DNA: Postmortem Stability in Various Human Organ Tissues
The detection of DNA polymorphisms considerably expanded the means of discrimination of individuals based on small tissue samples. So-called ”DNA-fingerprints“, a banding pattern generated by hypervariable minisatellites are unique for every individual, except for monozygotic twins (Jeffreys et al., 1985a, 1985b). The bands are inherited according to the law of Mendel, hence familial relationship is reconstructible by comparing fingerprints of the parents or close relatives with the one of the unknown (Jeffreys, 1986). Questions of identity in forensic cases often concern remains of humans who have been dead for a shorter or longer time. Since high-molecular-weight DNA is a prerequisite to obtain reliable RFLP-patterns, it is important to investigate the postmortem stability of DNA under various conditions. Reports of Pääbo in 1985 on isolation of DNA from mummies of 2000 years of age amplified the enthusiasm to “raise (genetically) the dead and buried” as Jeffreys expressed it 1984. However, only short length DNA-fragments or none at all were recoverable so far (Huges et al., 1986).
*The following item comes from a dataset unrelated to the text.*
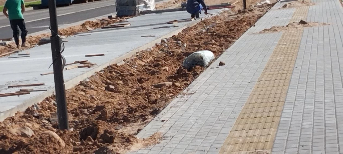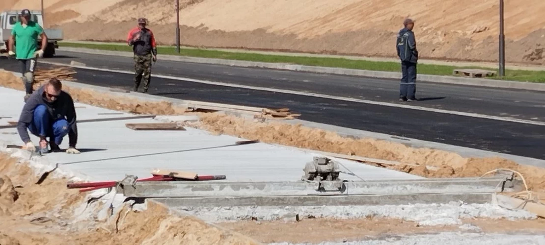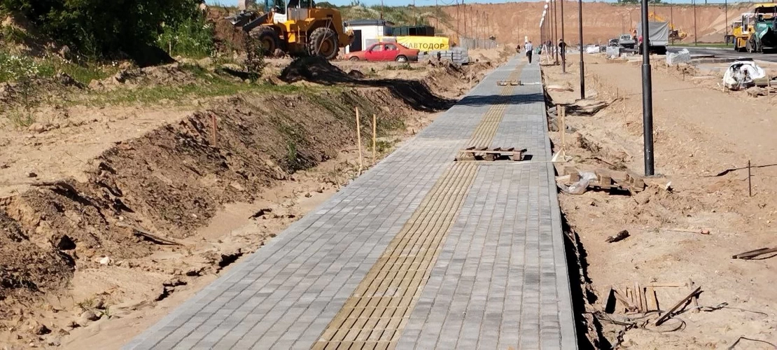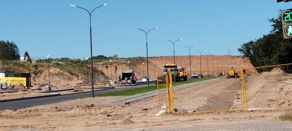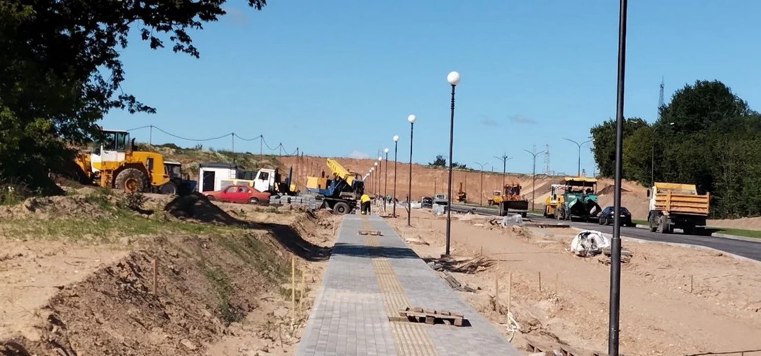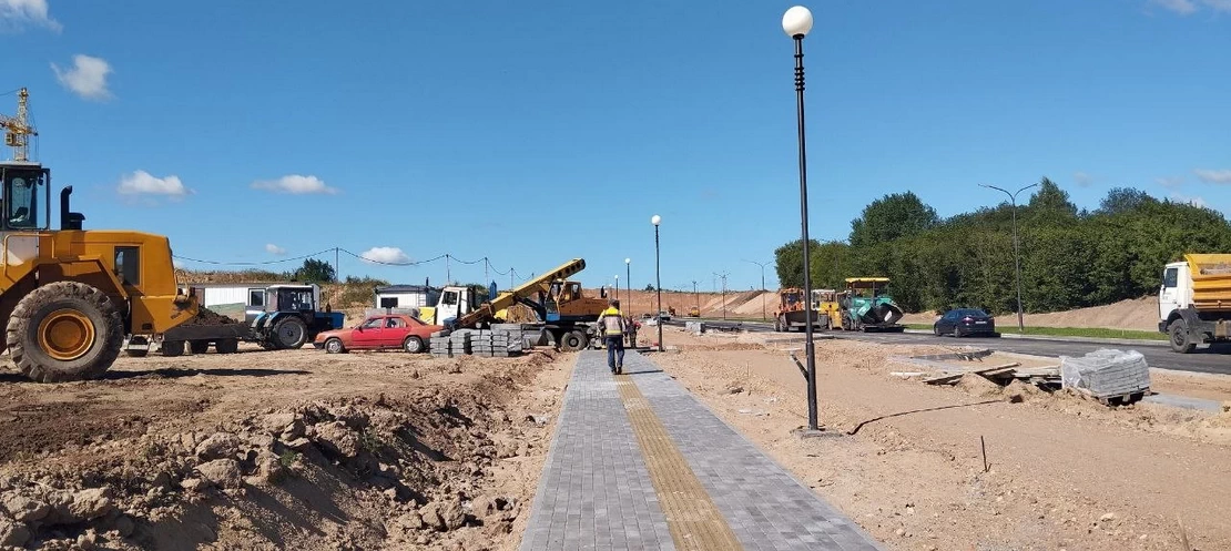 На месте уже уложен асфальт, обустроены тротуары с тактильной плиткой для людей с нарушением зрения, установлены опоры уличного освещения. Сейчас рабочие монтируют канализационные люки и подготавливают площадки для будущих остановок общественного транспорта.

Postmortem decay of human bodies is an extremely complex and not yet fully understood process which consists of an aerobic and bacterial decomposition of organic material. It starts with autolysis followed by putrefaction. Autolysis is a nonbacterial autodigestion of tissue by enzymes liberated from the lysosomes whereas putrefaction is an anaerobic bacterial decomposition of proteins which is often accompanied by production of gas. However, the two processes usually cannot be clearly separated and both show a maximum of activity at temperatures between 34–40° Centigrade. In autolysis, loss of enzyme regulation and lactic acidosis enhance the activity of some enzymes, e.g of the hydrolases, whereas other’s activity is reduced.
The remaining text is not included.